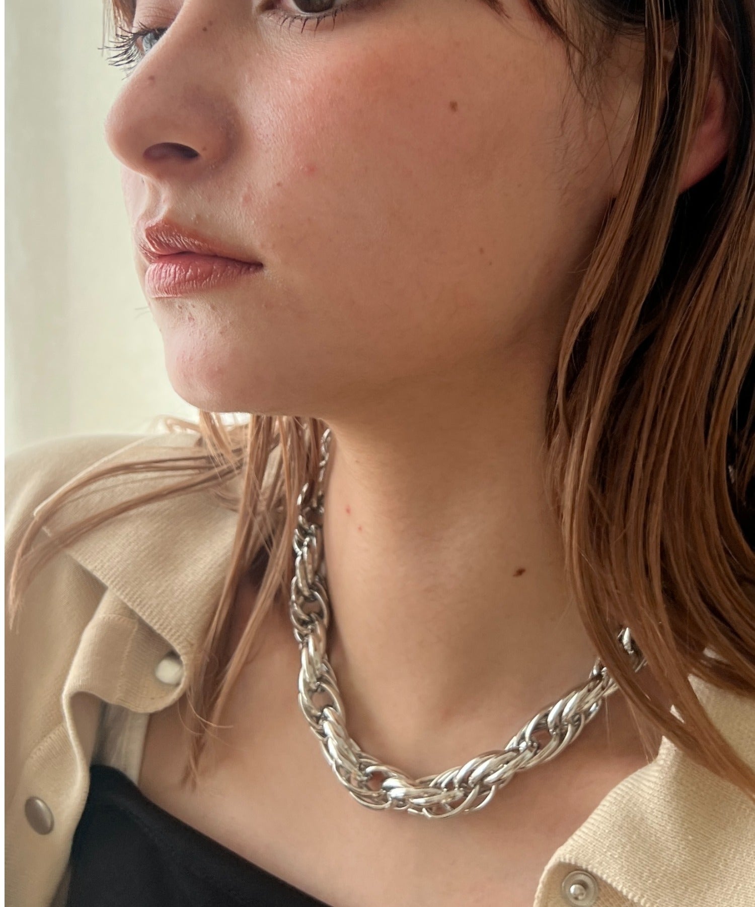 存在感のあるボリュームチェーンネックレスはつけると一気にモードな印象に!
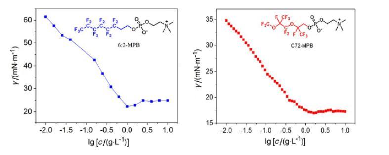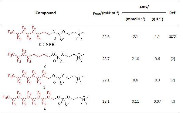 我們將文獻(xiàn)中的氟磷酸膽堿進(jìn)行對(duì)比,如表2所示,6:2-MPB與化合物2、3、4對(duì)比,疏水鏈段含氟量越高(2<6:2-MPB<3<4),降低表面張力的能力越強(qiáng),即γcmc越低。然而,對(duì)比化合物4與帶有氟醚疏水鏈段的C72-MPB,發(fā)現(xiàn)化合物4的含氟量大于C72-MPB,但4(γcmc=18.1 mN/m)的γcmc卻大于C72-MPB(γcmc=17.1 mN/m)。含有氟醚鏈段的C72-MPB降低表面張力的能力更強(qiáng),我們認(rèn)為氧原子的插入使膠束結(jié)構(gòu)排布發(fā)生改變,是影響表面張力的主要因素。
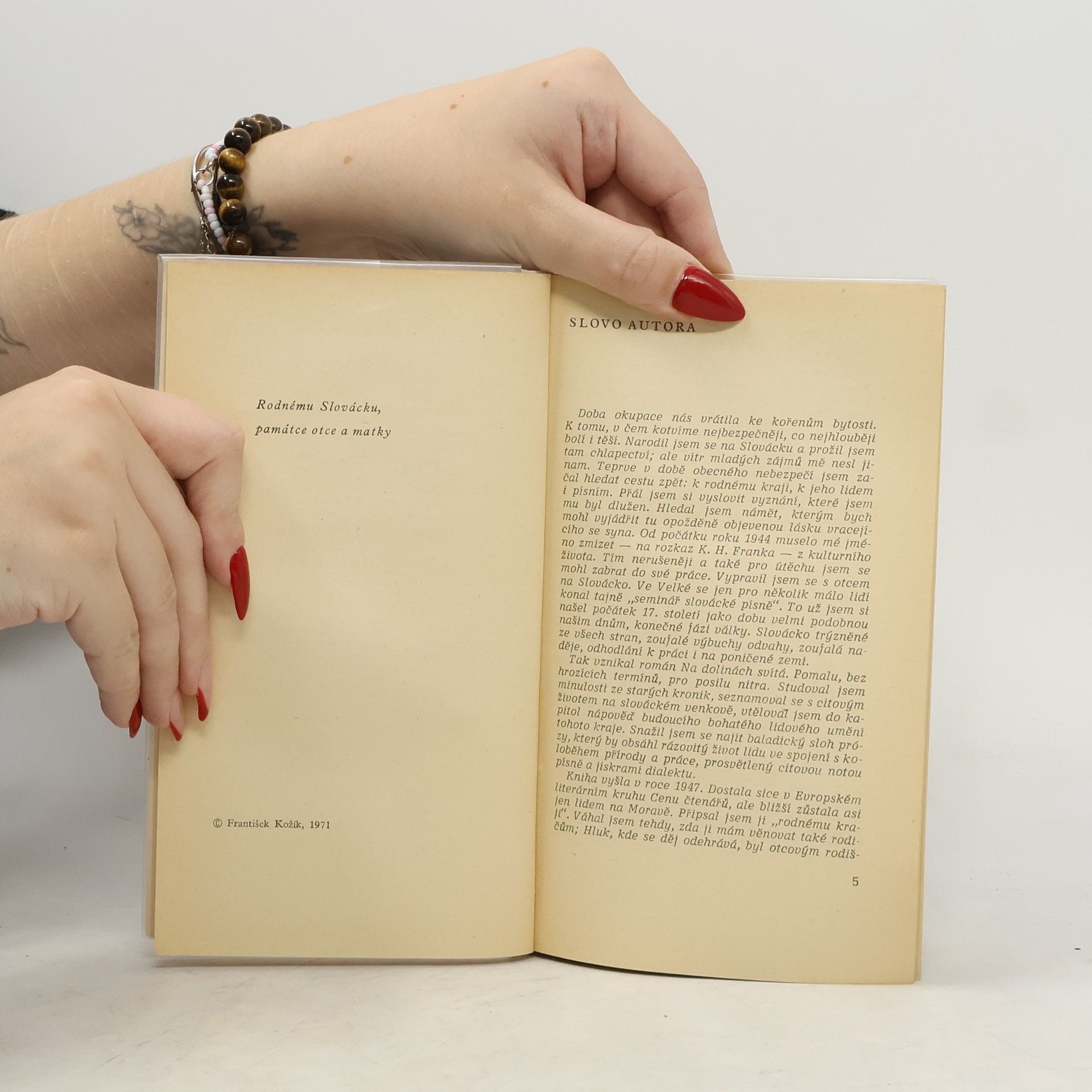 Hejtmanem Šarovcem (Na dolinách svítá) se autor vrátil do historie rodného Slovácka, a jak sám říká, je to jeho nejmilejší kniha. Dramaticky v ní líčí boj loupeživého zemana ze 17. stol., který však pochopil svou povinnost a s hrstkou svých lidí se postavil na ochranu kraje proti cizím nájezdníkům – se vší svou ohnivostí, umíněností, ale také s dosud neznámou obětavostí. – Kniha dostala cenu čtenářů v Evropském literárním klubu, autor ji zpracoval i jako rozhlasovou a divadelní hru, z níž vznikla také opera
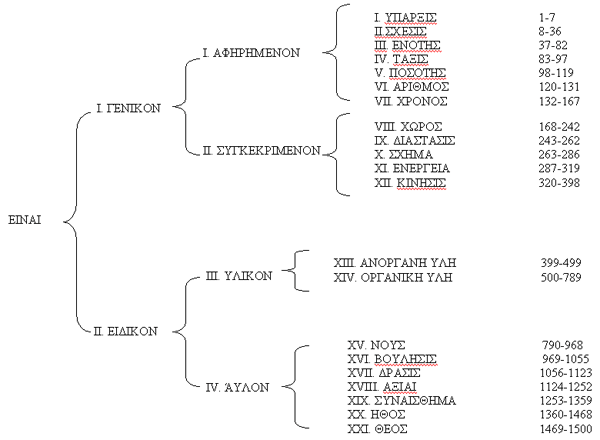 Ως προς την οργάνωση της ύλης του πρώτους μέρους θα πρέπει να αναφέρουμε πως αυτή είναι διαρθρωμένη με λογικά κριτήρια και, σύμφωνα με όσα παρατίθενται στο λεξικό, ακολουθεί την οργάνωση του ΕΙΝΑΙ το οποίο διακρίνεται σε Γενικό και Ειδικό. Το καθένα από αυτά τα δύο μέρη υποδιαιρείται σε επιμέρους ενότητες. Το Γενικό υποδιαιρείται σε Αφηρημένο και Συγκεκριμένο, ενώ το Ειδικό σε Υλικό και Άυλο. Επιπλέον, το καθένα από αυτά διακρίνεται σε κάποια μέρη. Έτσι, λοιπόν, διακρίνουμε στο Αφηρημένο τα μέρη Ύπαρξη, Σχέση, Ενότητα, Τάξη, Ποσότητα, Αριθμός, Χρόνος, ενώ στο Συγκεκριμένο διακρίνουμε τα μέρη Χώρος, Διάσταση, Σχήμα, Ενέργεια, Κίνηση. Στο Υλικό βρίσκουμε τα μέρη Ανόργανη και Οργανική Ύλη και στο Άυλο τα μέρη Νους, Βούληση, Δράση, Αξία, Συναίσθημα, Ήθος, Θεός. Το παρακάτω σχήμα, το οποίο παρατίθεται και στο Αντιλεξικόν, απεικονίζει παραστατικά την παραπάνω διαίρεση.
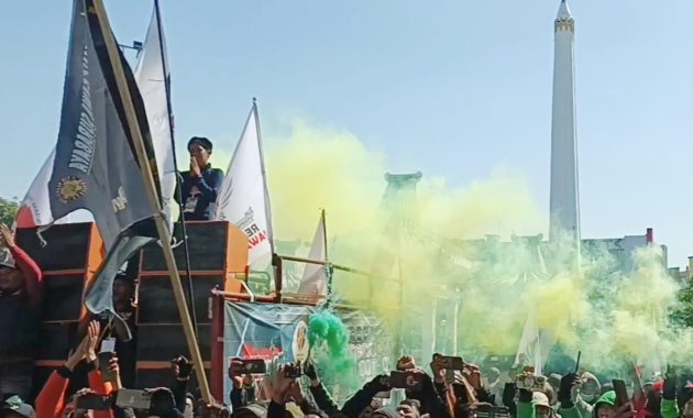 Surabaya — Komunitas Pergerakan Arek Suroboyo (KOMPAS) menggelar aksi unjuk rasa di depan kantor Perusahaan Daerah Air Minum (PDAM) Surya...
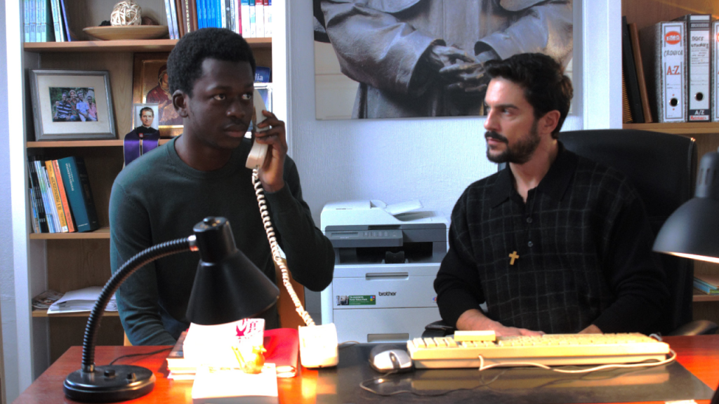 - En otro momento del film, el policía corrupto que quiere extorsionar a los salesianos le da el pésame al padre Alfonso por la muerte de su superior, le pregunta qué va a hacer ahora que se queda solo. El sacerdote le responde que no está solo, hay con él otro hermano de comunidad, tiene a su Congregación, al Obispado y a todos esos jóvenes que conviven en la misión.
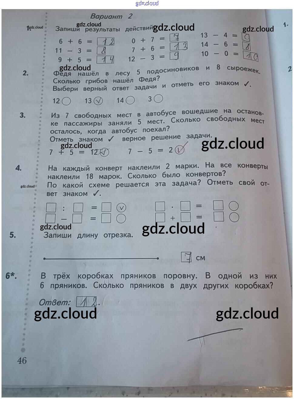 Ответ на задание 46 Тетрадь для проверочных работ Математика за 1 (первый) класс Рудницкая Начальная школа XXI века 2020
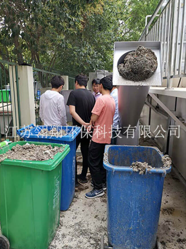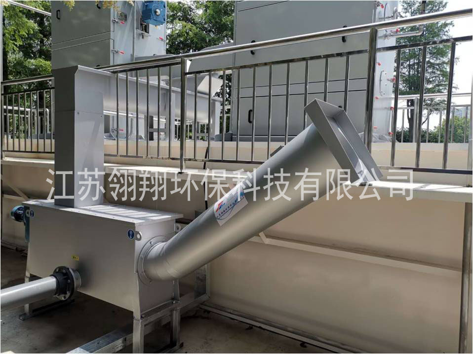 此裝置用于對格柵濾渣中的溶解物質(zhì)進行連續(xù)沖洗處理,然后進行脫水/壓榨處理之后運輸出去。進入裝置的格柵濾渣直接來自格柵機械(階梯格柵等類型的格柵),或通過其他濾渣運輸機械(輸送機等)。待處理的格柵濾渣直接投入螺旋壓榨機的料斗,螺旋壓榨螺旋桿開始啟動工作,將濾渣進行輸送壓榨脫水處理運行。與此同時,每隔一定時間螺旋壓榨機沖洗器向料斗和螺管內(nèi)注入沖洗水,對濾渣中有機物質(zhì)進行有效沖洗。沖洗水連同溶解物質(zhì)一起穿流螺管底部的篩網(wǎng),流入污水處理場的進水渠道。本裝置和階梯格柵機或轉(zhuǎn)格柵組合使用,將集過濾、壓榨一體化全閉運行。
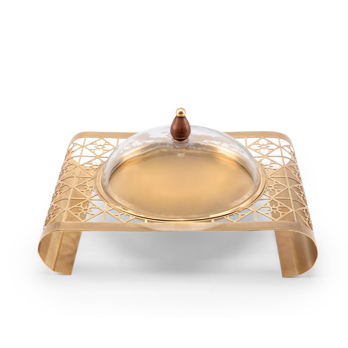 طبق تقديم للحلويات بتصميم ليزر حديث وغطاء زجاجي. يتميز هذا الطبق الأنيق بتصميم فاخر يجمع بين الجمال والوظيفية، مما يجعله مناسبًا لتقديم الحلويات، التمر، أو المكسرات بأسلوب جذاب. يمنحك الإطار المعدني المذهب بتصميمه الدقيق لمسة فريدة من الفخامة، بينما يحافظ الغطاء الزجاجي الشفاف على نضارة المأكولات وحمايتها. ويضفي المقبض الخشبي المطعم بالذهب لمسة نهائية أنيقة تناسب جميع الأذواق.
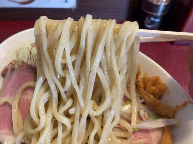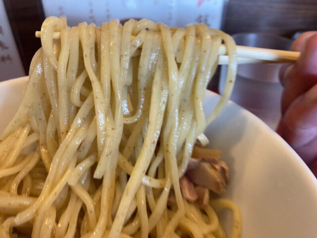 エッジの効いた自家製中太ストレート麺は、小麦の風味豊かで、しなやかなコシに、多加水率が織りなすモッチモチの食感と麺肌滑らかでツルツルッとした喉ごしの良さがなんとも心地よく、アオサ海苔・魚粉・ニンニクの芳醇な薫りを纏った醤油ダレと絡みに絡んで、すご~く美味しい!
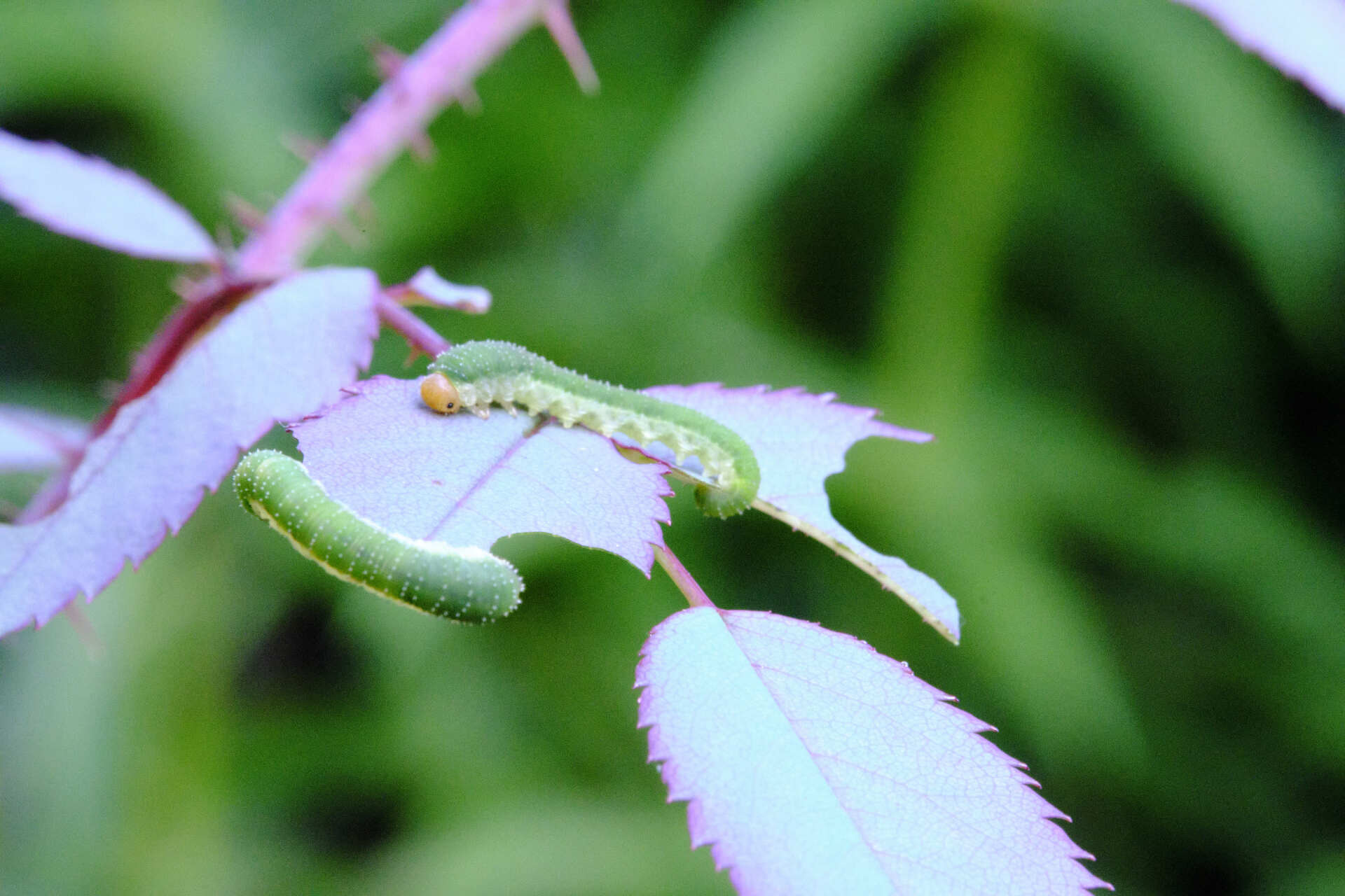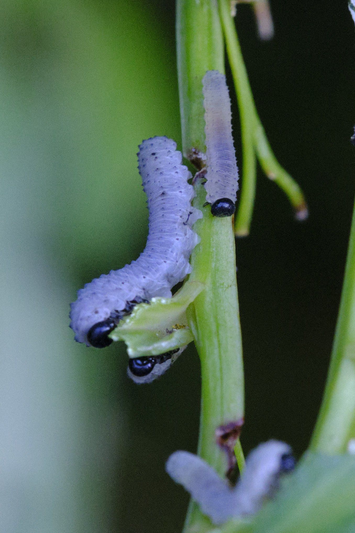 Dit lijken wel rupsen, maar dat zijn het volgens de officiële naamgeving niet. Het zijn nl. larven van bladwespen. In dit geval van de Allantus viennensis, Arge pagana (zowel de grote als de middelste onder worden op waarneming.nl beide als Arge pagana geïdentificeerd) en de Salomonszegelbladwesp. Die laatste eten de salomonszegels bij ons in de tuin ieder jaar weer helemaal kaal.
-*-*-
Task to carry out
Everything in the material above must be repeated exactly, apart from its pictures.

Written response
 存在感のあるボリュームチェーンネックレスはつけると一気にモードな印象に!
 我們將文獻(xiàn)中的氟磷酸膽堿進(jìn)行對(duì)比,如表2所示,6:2-MPB與化合物2、3、4對(duì)比,疏水鏈段含氟量越高(2<6:2-MPB<3<4),降低表面張力的能力越強(qiáng),即γcmc越低。然而,對(duì)比化合物4與帶有氟醚疏水鏈段的C72-MPB,發(fā)現(xiàn)化合物4的含氟量大于C72-MPB,但4(γcmc=18.1 mN/m)的γcmc卻大于C72-MPB(γcmc=17.1 mN/m)。含有氟醚鏈段的C72-MPB降低表面張力的能力更強(qiáng),我們認(rèn)為氧原子的插入使膠束結(jié)構(gòu)排布發(fā)生改變,是影響表面張力的主要因素。
 Hejtmanem Šarovcem (Na dolinách svítá) se autor vrátil do historie rodného Slovácka, a jak sám říká, je to jeho nejmilejší kniha. Dramaticky v ní líčí boj loupeživého zemana ze 17. stol., který však pochopil svou povinnost a s hrstkou svých lidí se postavil na ochranu kraje proti cizím nájezdníkům – se vší svou ohnivostí, umíněností, ale také s dosud neznámou obětavostí. – Kniha dostala cenu čtenářů v Evropském literárním klubu, autor ji zpracoval i jako rozhlasovou a divadelní hru, z níž vznikla také opera
 Ως προς την οργάνωση της ύλης του πρώτους μέρους θα πρέπει να αναφέρουμε πως αυτή είναι διαρθρωμένη με λογικά κριτήρια και, σύμφωνα με όσα παρατίθενται στο λεξικό, ακολουθεί την οργάνωση του ΕΙΝΑΙ το οποίο διακρίνεται σε Γενικό και Ειδικό. Το καθένα από αυτά τα δύο μέρη υποδιαιρείται σε επιμέρους ενότητες. Το Γενικό υποδιαιρείται σε Αφηρημένο και Συγκεκριμένο, ενώ το Ειδικό σε Υλικό και Άυλο. Επιπλέον, το καθένα από αυτά διακρίνεται σε κάποια μέρη. Έτσι, λοιπόν, διακρίνουμε στο Αφηρημένο τα μέρη Ύπαρξη, Σχέση, Ενότητα, Τάξη, Ποσότητα, Αριθμός, Χρόνος, ενώ στο Συγκεκριμένο διακρίνουμε τα μέρη Χώρος, Διάσταση, Σχήμα, Ενέργεια, Κίνηση. Στο Υλικό βρίσκουμε τα μέρη Ανόργανη και Οργανική Ύλη και στο Άυλο τα μέρη Νους, Βούληση, Δράση, Αξία, Συναίσθημα, Ήθος, Θεός. Το παρακάτω σχήμα, το οποίο παρατίθεται και στο Αντιλεξικόν, απεικονίζει παραστατικά την παραπάνω διαίρεση.
 Surabaya — Komunitas Pergerakan Arek Suroboyo (KOMPAS) menggelar aksi unjuk rasa di depan kantor Perusahaan Daerah Air Minum (PDAM) Surya...
 - En otro momento del film, el policía corrupto que quiere extorsionar a los salesianos le da el pésame al padre Alfonso por la muerte de su superior, le pregunta qué va a hacer ahora que se queda solo. El sacerdote le responde que no está solo, hay con él otro hermano de comunidad, tiene a su Congregación, al Obispado y a todos esos jóvenes que conviven en la misión.
 Ответ на задание 46 Тетрадь для проверочных работ Математика за 1 (первый) класс Рудницкая Начальная школа XXI века 2020
 此裝置用于對格柵濾渣中的溶解物質(zhì)進行連續(xù)沖洗處理,然后進行脫水/壓榨處理之后運輸出去。進入裝置的格柵濾渣直接來自格柵機械(階梯格柵等類型的格柵),或通過其他濾渣運輸機械(輸送機等)。待處理的格柵濾渣直接投入螺旋壓榨機的料斗,螺旋壓榨螺旋桿開始啟動工作,將濾渣進行輸送壓榨脫水處理運行。與此同時,每隔一定時間螺旋壓榨機沖洗器向料斗和螺管內(nèi)注入沖洗水,對濾渣中有機物質(zhì)進行有效沖洗。沖洗水連同溶解物質(zhì)一起穿流螺管底部的篩網(wǎng),流入污水處理場的進水渠道。本裝置和階梯格柵機或轉(zhuǎn)格柵組合使用,將集過濾、壓榨一體化全閉運行。
 طبق تقديم للحلويات بتصميم ليزر حديث وغطاء زجاجي. يتميز هذا الطبق الأنيق بتصميم فاخر يجمع بين الجمال والوظيفية، مما يجعله مناسبًا لتقديم الحلويات، التمر، أو المكسرات بأسلوب جذاب. يمنحك الإطار المعدني المذهب بتصميمه الدقيق لمسة فريدة من الفخامة، بينما يحافظ الغطاء الزجاجي الشفاف على نضارة المأكولات وحمايتها. ويضفي المقبض الخشبي المطعم بالذهب لمسة نهائية أنيقة تناسب جميع الأذواق.
 エッジの効いた自家製中太ストレート麺は、小麦の風味豊かで、しなやかなコシに、多加水率が織りなすモッチモチの食感と麺肌滑らかでツルツルッとした喉ごしの良さがなんとも心地よく、アオサ海苔・魚粉・ニンニクの芳醇な薫りを纏った醤油ダレと絡みに絡んで、すご~く美味しい!
 Dit lijken wel rupsen, maar dat zijn het volgens de officiële naamgeving niet. Het zijn nl. larven van bladwespen. In dit geval van de Allantus viennensis, Arge pagana (zowel de grote als de middelste onder worden op waarneming.nl beide als Arge pagana geïdentificeerd) en de Salomonszegelbladwesp. Die laatste eten de salomonszegels bij ons in de tuin ieder jaar weer helemaal kaal.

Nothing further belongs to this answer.